A year ago – this month, October 2024 – it was first leaked in The Information, then by Ilya, OpenAI’s technical co-founder, that ‘scaling laws’ were over. (And Ilya’s same breath, a new ‘scaling law’ was invented, which wasn’t real, but kept the market hype going.) I’ll explain.


Scaling laws


The investment fever in AI was driven by “scaling laws”. I’ll break this down.

 

For a couple of years, AI companies, according to certain (questionable) measures, were able to get a linear increase in performance via an exponential increase in capital investment.

 

This sounds like a really bad investment – linear results at an exponential cost? But think about this from the perspective of VCs. They might expect one investment in ten not to fail, and one investment in a hundred to succeed enough to make them a winning VC. And to figure that out, they have to do a lot of market research into the value of the product, and a lot of guessing about whether the personalities and teams involved have what it takes to make a successful business.

 

You don’t have to do that with a scaling law. You’re guaranteed a linear return out of your exponential capital investment. You pump money in, and you’re guaranteed better AI out. It’s a slam-dunk, no-brainer. Of course that’s where you put your money. And pretty obviously, you want to put that capital into the top dog – the one who looks the most likely to get the rest of that exponential capital from someone else.

 

Okay, so far so good.

 

But a year ago, it was leaked from OpenAI that making your model bigger doesn’t make it better anymore. They tried it, and tried it, but it no longer worked.

 

So Ilya announced: Yeah, that’s true, but we’ve invented a new scaling law: “Scaling inference”.

 

Total B.S. Sorry.

 

"Scaling inference"


First of all, OpenAI didn’t invent “scaling inference”. The industry has been “scaling inference” in language models since long before the introduction of ChatGPT. See: the ReAct paper. See: “Chain of thought”.

 

What is it? It’s getting language models to instruct language models to instruct language models.

 

Really bad news: It can’t work as a scaling law.

 

Why not? Because language models aren’t accurate 100% of the time.

 

Now, there’s recent research showing that language model accuracy is much lower than reported. The benchmarks are misleading, because models are trained on them. Even slight changes to the wording of the benchmark questions result in a precipitous drop in benchmark scores.

 

But let’s pretend benchmark scores were accurate: None of them claim 100% accuracy from language models. This is key to why “scaling inference” can’t work. It’s due to the laws of probability. I’ll walk you through it.

 

Let’s say there is a 50% chance it will rain today, and there is a 50% chance your balanced coin will come up heads. What is the chance it will rain today and your coin will come up heads?

 

25%.

 

Not 50%. 25%. It breaks down like this:

 

25% chance: Rain, heads

25% chance: Rain, tails

25% chance: No rain, heads

25% chance: No rain, tails

 

Notice what happens? Probabilities get smaller when you chain them together.

 

Now if there’s a 50% chance of something else – I don’t know, your husband cooking your eggs correctly – then there’s a 12.5% chance there’s rain, the coin comes up heads, and your husband cooks your eggs correctly. Things are looking bad.

 

So now you’re going to scale inference – you’re going to have multiple iterations of language model output riffing off itself.

 

If language models had the good fortune of being accurate 80% of the time, after 4 riffs, the probability of accuracy is 40%. If language models were 90% accurate, they’d be more likely to wrong then right after 7 riffs. If they somehow got to the point where they were 99% accurate, they’d still be more likely to be wrong than right after 70 riffs.

 

For there to be a scaling law here, they need to get more right, not more wrong, at every riff.

 

But this gets worse.

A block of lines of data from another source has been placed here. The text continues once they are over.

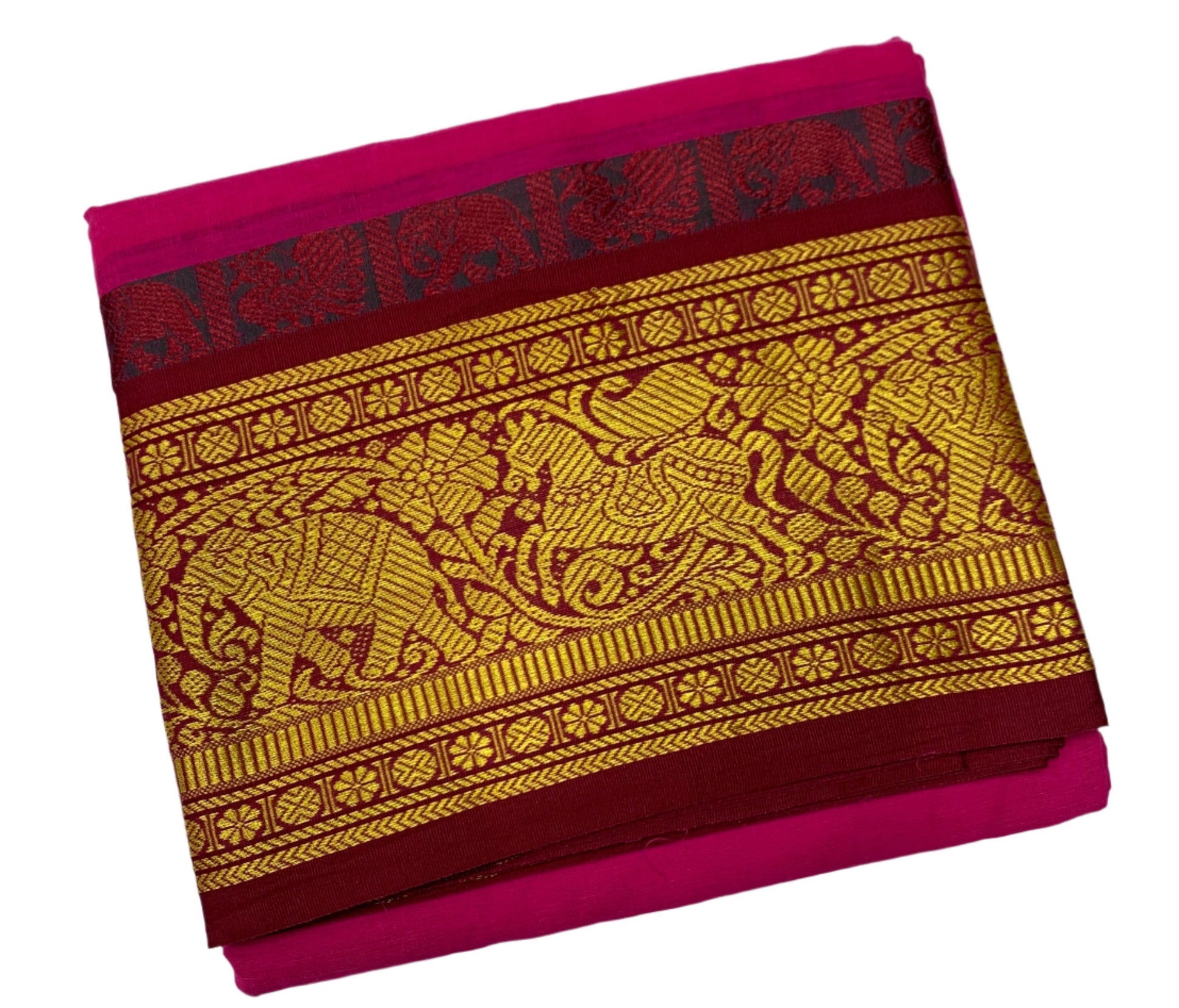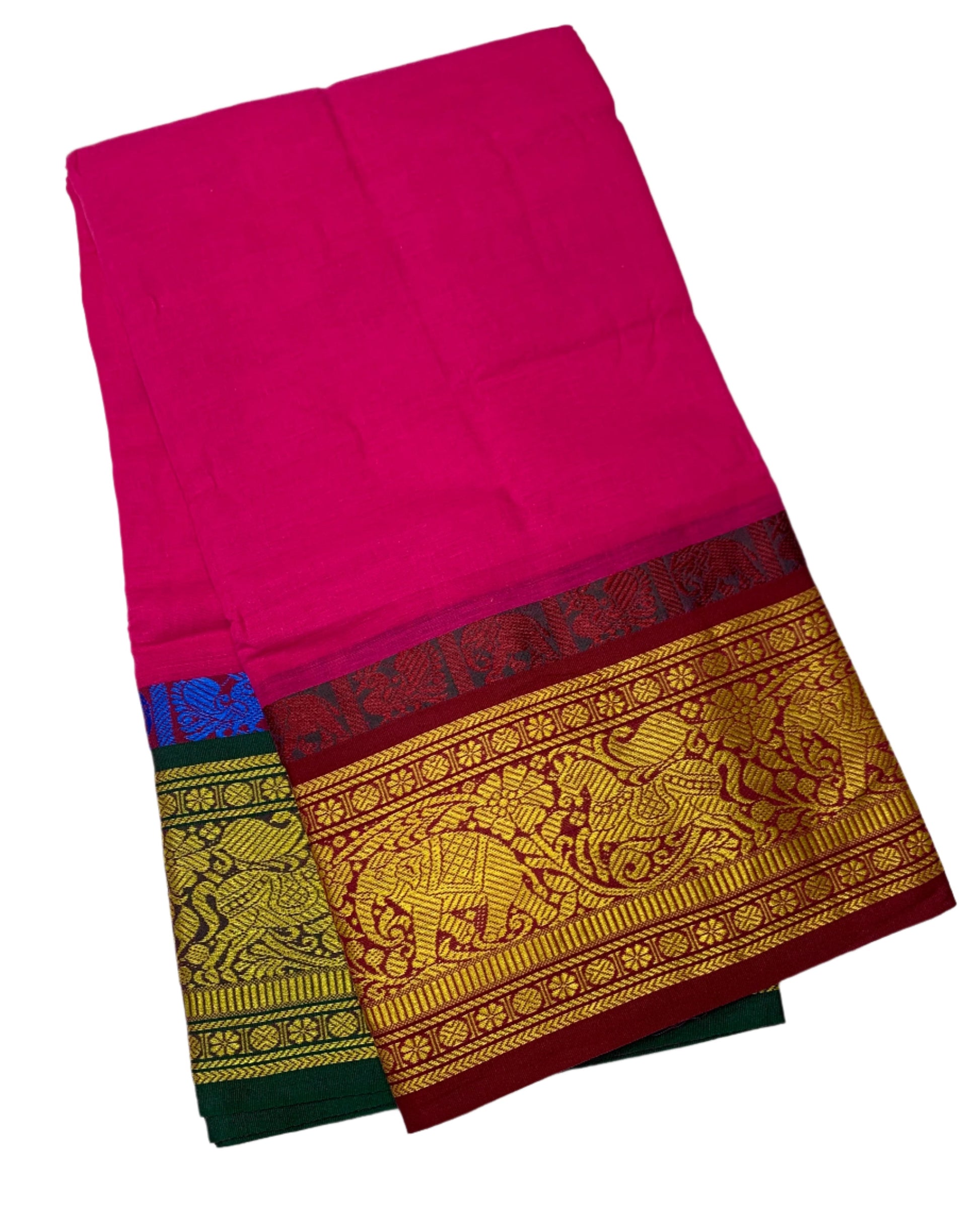 9X5 Cotton Dhoti Pink Colour with Maroon and Green Border
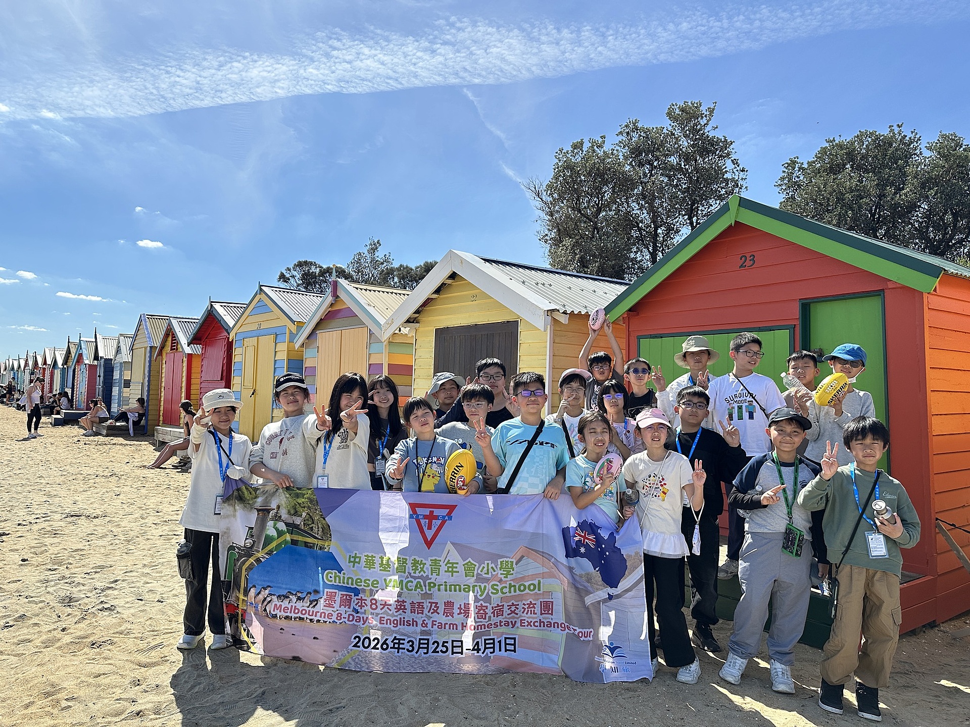 今天是「2026澳洲英語寄宿交流團」的第六天,行程將大自然與在地文化化為最生動的户外教室。青小同學們首先來到著名的布萊頓海灘(Brighton Beach),在色彩斑斕的海灘小屋(Bathing Boxes)前,不僅欣賞了獨特的海岸美學,更深入認識澳洲悠久的海濱生活文化。
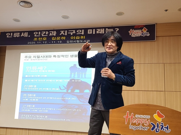 | 김천시(시장 김충섭)에서는 이달 ‘인류세, 인간과 지구의 미래는?’을 주제로 놓고 각계 전문가 3인을 초청, 시립도서관 시청각실에서 2주에 걸쳐 강연을 진행하며 2기 <함께 걷는 인문학>을 운영하고 있다.
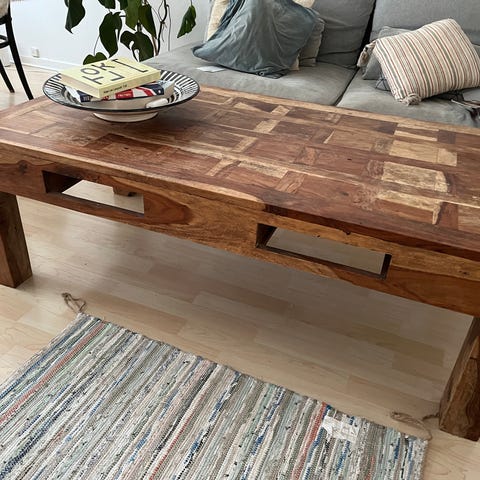 Træbord med hulmønster på bordpladen. Bordet har en rektangulær form og er lavet af lyst træ. Velegnet til sofabord

Language model performances don’t even crack 90%; see the LLM Leaderboard.

 

You can spend all the money you want on ‘scaling inference’: It won’t get you to AGI. Sorry. Can’t work. Won’t happen. All B.S.

 

Do Sam Altman and Ilya know this? I don’t know. OpenAI has been pursuing a really, really sad and doomed-to-fail R&D path from the beginning (more on this below), so maybe they genuinely think the thing they’ve been promoting for the last year (at OpenAI and Safe Superintelligence Institute, respectively) can work. Maybe they’re really that foolish. Or maybe they’re clever people who know how to pull off a lie. I don’t know. They’ve earned the credibility that they knowingly pull off lies (see: public information that Sam Altman, when leading Y Combinator, used to tell the story of how he’d call in a room full of friends to pretend to be talking to customers when investors were coming by… he credited this with getting investment in his startup, and suggested his mentees due similar things). But do they know enough about probability to know ‘scaling inference’ can’t work? Not really. People who understand probability well would never have thought that language models could scale to “AGI” in the first place. So, credit where credit is due: Maybe they’re not frauds, just not as smart as people tell them they are.

 

As I said when asked point blank at the unnamed conference mentioned above: Yes, it may be possible to build “AGI”. But not the way these guys propose doing it.

 

Hopefully you’re still following me here…

 

Why OpenAI’s R&D was wrongheaded and dumb

 

Sorry, going to tell you what every real (not self-nominated “AI expert) AI engineer knows: language models are autocomplete and chatbots are no more than glorified autocomplete.

 

I’ll break this down for you.

 

What a language model does is predict the next word in a document, given all the previous words.

 

A technology named “transformers” (invented at Google, published into the public domain, but used at OpenAI), made out of a technology called “attention”, is really, really good at this. Groundbreakingly good at this.


What a chatbot looks like through the eyes of a developer 


So let’s talk about what a chatbot looks like, if you’re seeing it from the side of the engineer setting it up for you to use, rather than from the user interface you are used to.

 

The developer creates a document. The document looks like this:

  

<system prompt>

You are a friendly and helpful chatbot. Your knowledge cuts off at 16/10/25. Blah blah blah. Be nice and be good.

<end system prompt>

Assistant: How can I help you today?

User:

 

But it doesn’t get sent to the chatbot yet.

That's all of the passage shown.